* _Data_
○ ○ ○ ○ ○
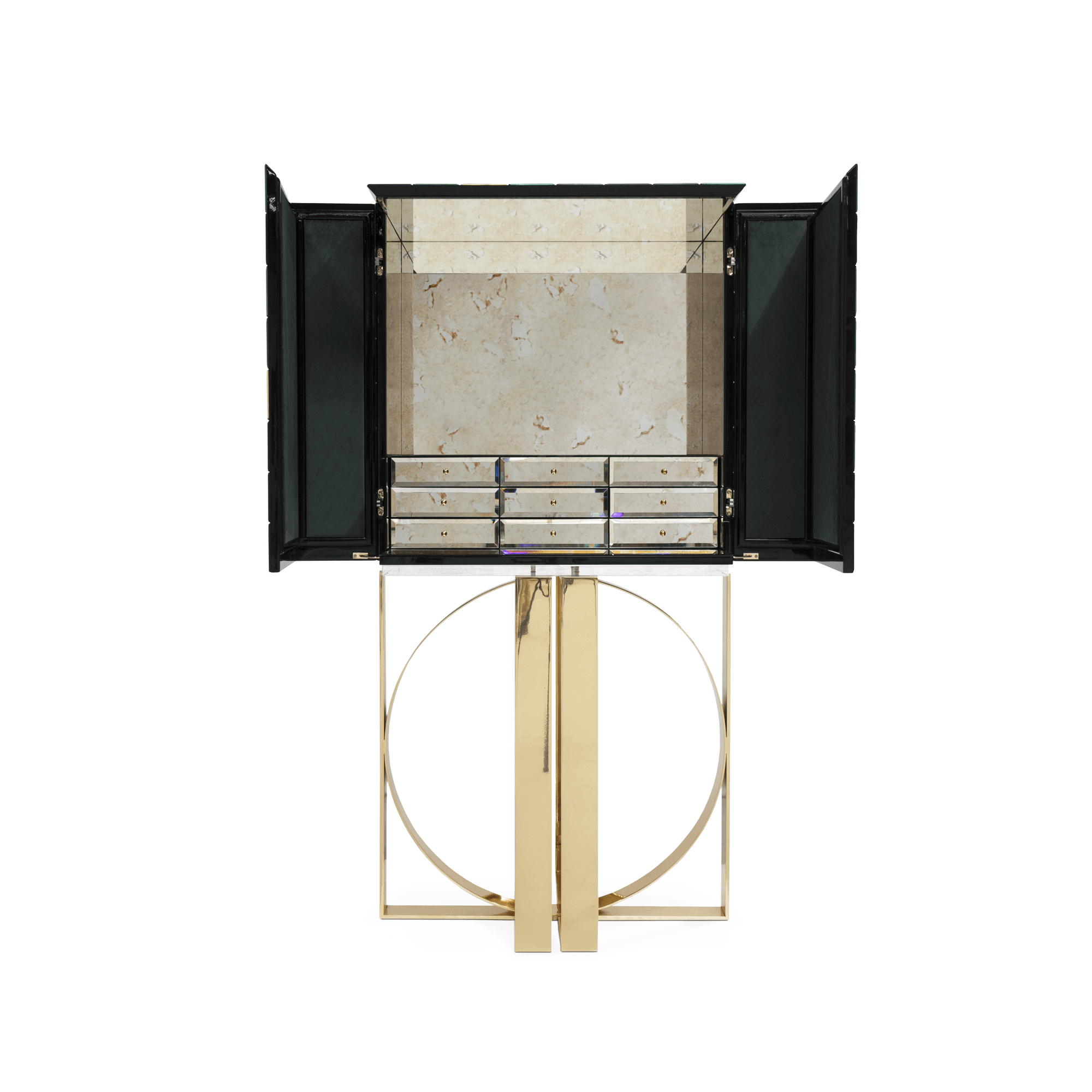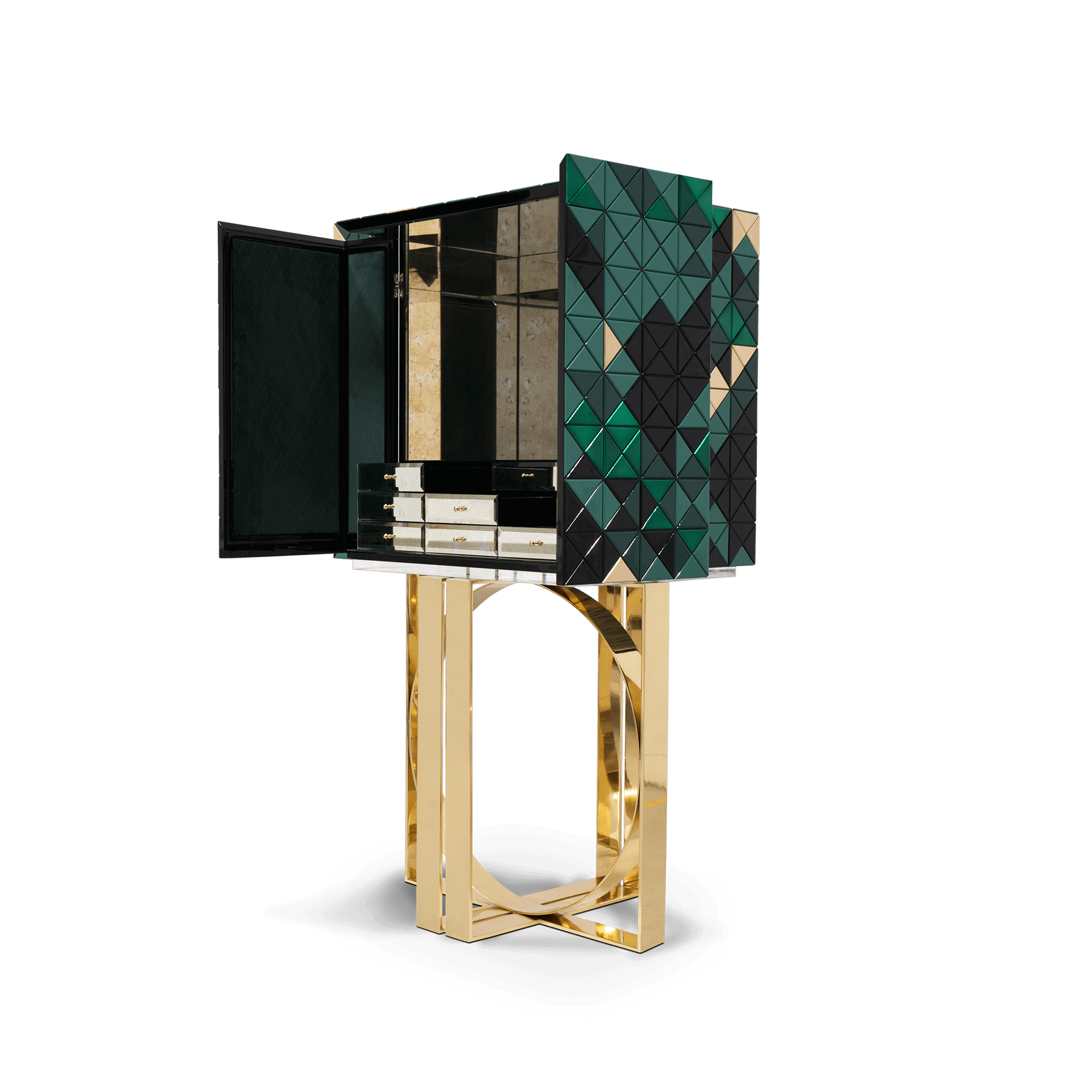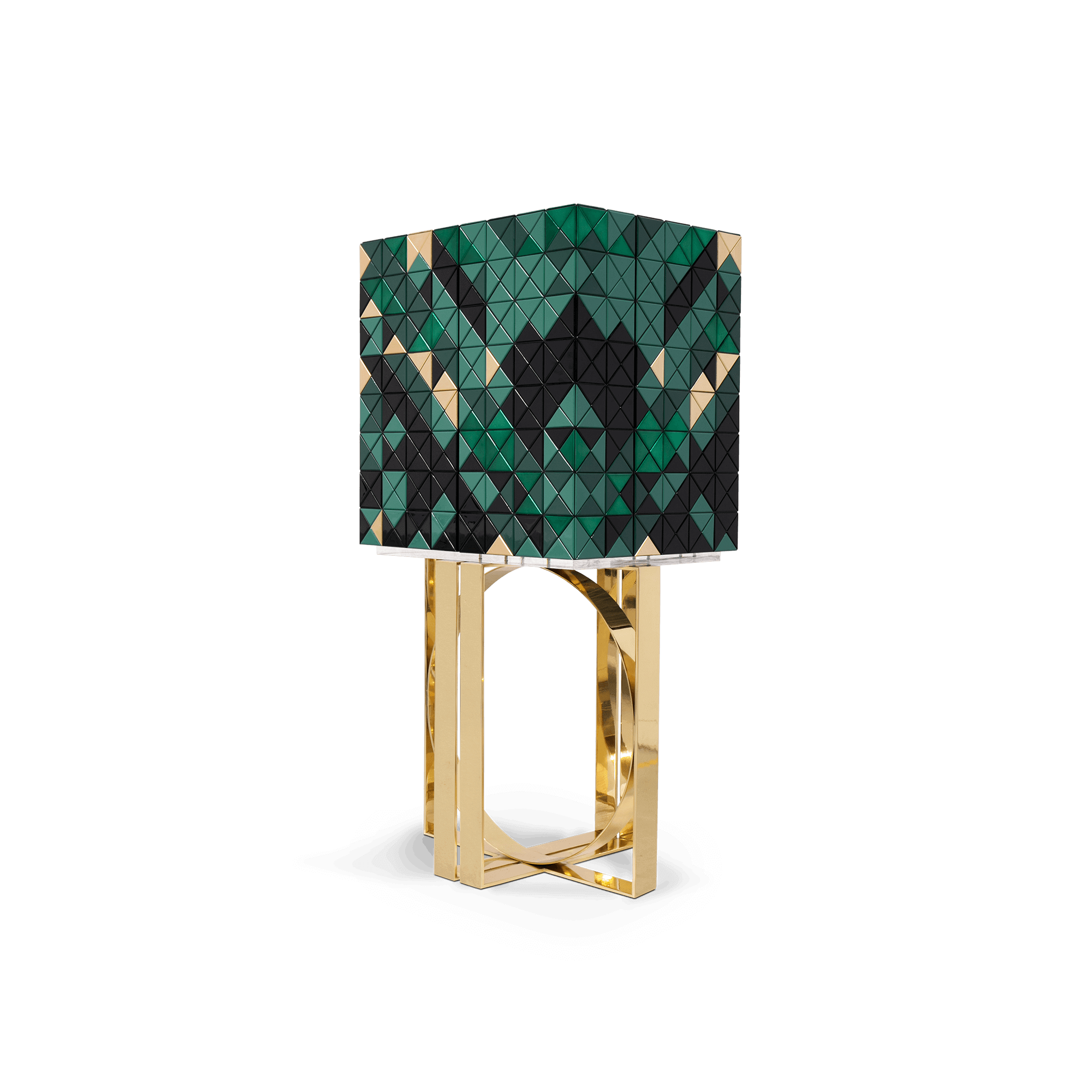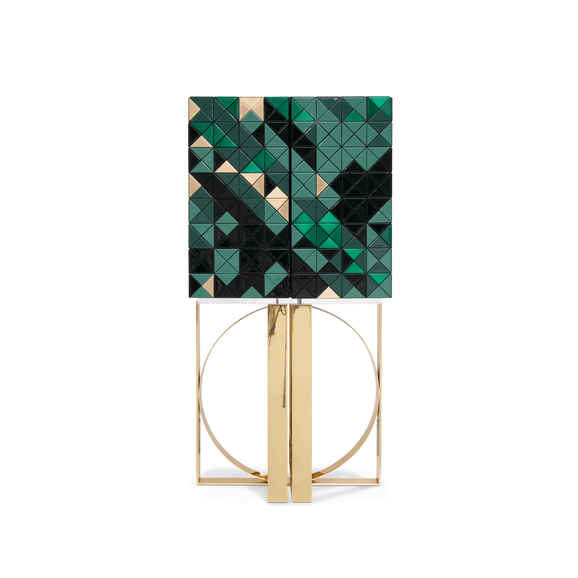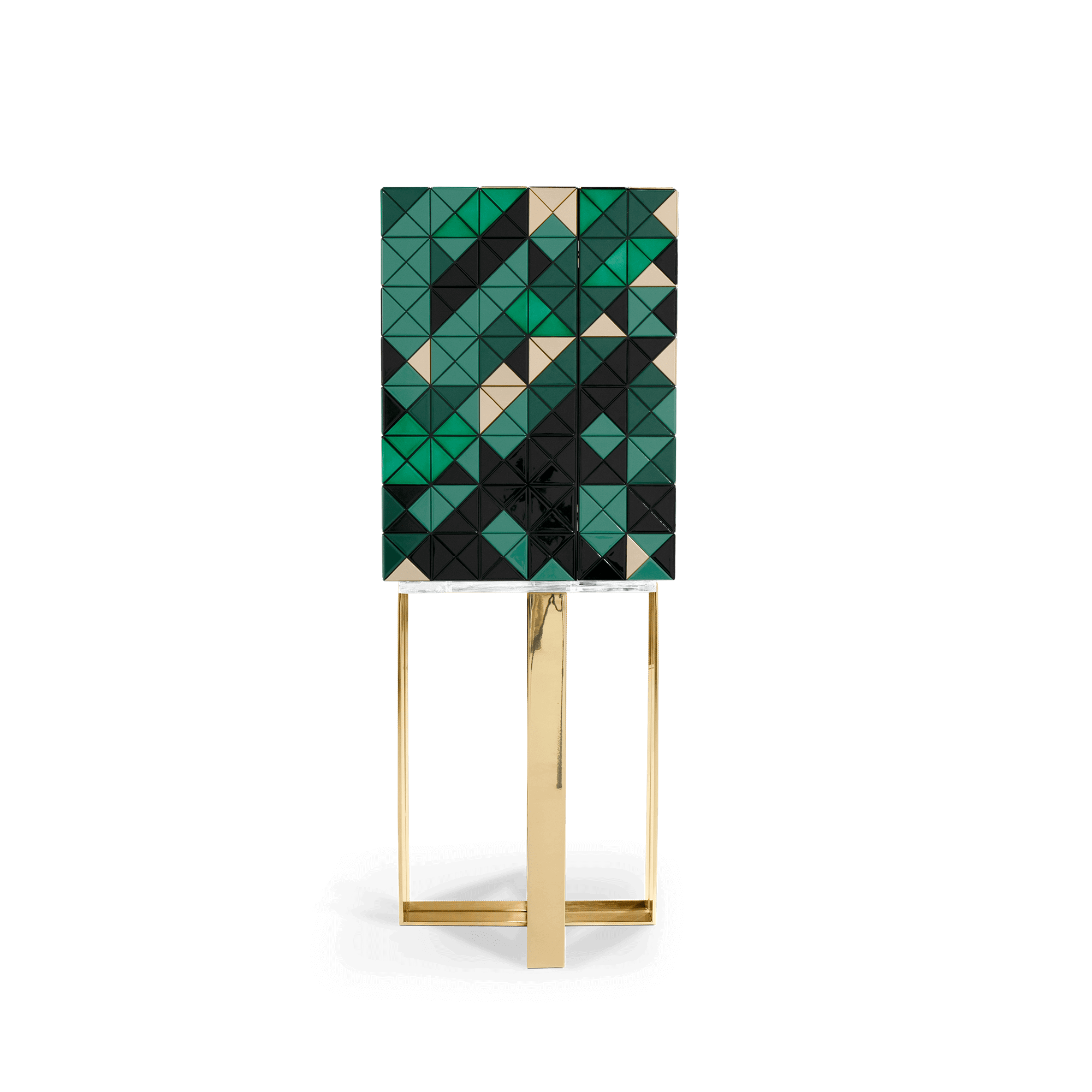 Iconic and unparalleled, the Pixel Cabinet presents a ground-breaking work of pioneering design. This piece carries the dedication and art of those who built it, a variety of traditional production techniques to craft an avant-garde furniture piece that is authentic, joyful and a perfect match for the digital age. Its playful character is captured in shape and color palette, challenging design and finest craftsmanship. Made out of 1088 triangles, the upper part of the Pixel Cabinet plays with perception and combines exceptional materials with multicolored compositions to give the cabinet a unique, striking design: handmade leaf gilding triangles, 10 different types of wood leafs from golden to Dark Green veneer, and lacquering. Behind its two doors, this bar cabinet surprises with a timeless combination of aged mirror and a diamond quilted green silk fabric, containing nine interior drawers, each one with its own golden knob. The polished brass base gives Pixel a unique and sophisticated character.
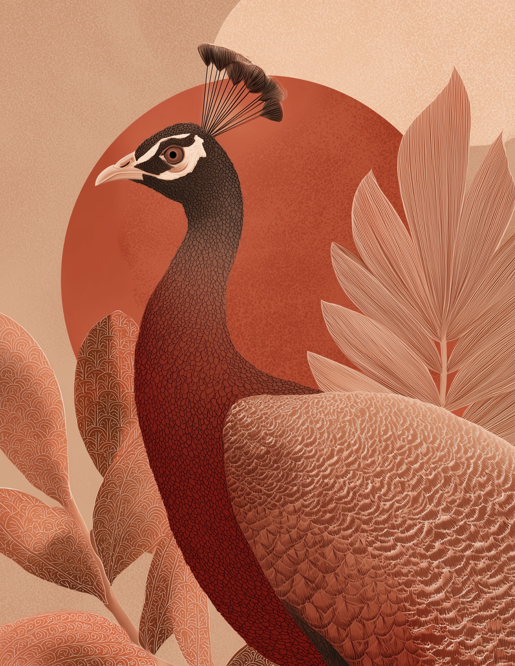 Bring the beauty of peacock boho art into your home with this digital wall print, featuring subtle color variation and refined detail.
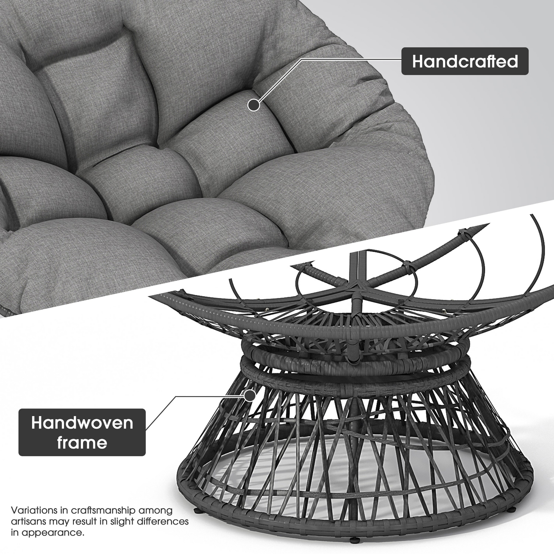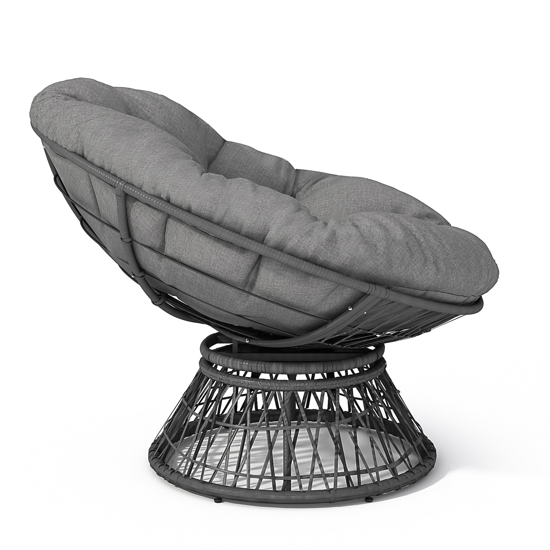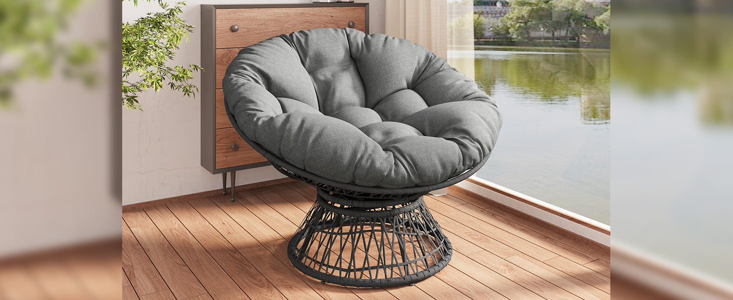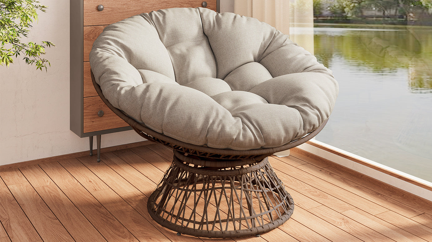 Bring elevated comfort and timeless style to your space with this ergonomic wicker papasan chair designed for everyday lounging, reading, and relaxing. The ultra-thick, high-density foam cushion delivers cloud-like support to help reduce pressure and encourage better posture during long sits. Upholstered in durable polyester with a 3-proof performance cover that’s waterproof, stain-resistant, and UV-resistant, it’s easy to maintain and built to hold up to daily life. A smooth 360-degree swivel makes it effortless to turn and engage with your room, while adjustable feet help keep the chair stable on uneven surfaces. The sturdy iron frame paired with woven faux rattan provides dependable strength and an inviting, natural look that complements living rooms, bedrooms, and lounge spaces. Ideal for residential use, this comfortable swivel accent chair includes a removable seat cushion and arrives ready for simple assembly with tools included.
○ ○ ○ ○ ○
* _Activity_
Your reply should contain only an exact copy of the lines from the beginning of the material through the line with "Bring the beauty", both ends included, with the pictures removed.

* _Written response_
 Iconic and unparalleled, the Pixel Cabinet presents a ground-breaking work of pioneering design. This piece carries the dedication and art of those who built it, a variety of traditional production techniques to craft an avant-garde furniture piece that is authentic, joyful and a perfect match for the digital age. Its playful character is captured in shape and color palette, challenging design and finest craftsmanship. Made out of 1088 triangles, the upper part of the Pixel Cabinet plays with perception and combines exceptional materials with multicolored compositions to give the cabinet a unique, striking design: handmade leaf gilding triangles, 10 different types of wood leafs from golden to Dark Green veneer, and lacquering. Behind its two doors, this bar cabinet surprises with a timeless combination of aged mirror and a diamond quilted green silk fabric, containing nine interior drawers, each one with its own golden knob. The polished brass base gives Pixel a unique and sophisticated character.
 Bring the beauty of peacock boho art into your home with this digital wall print, featuring subtle color variation and refined detail.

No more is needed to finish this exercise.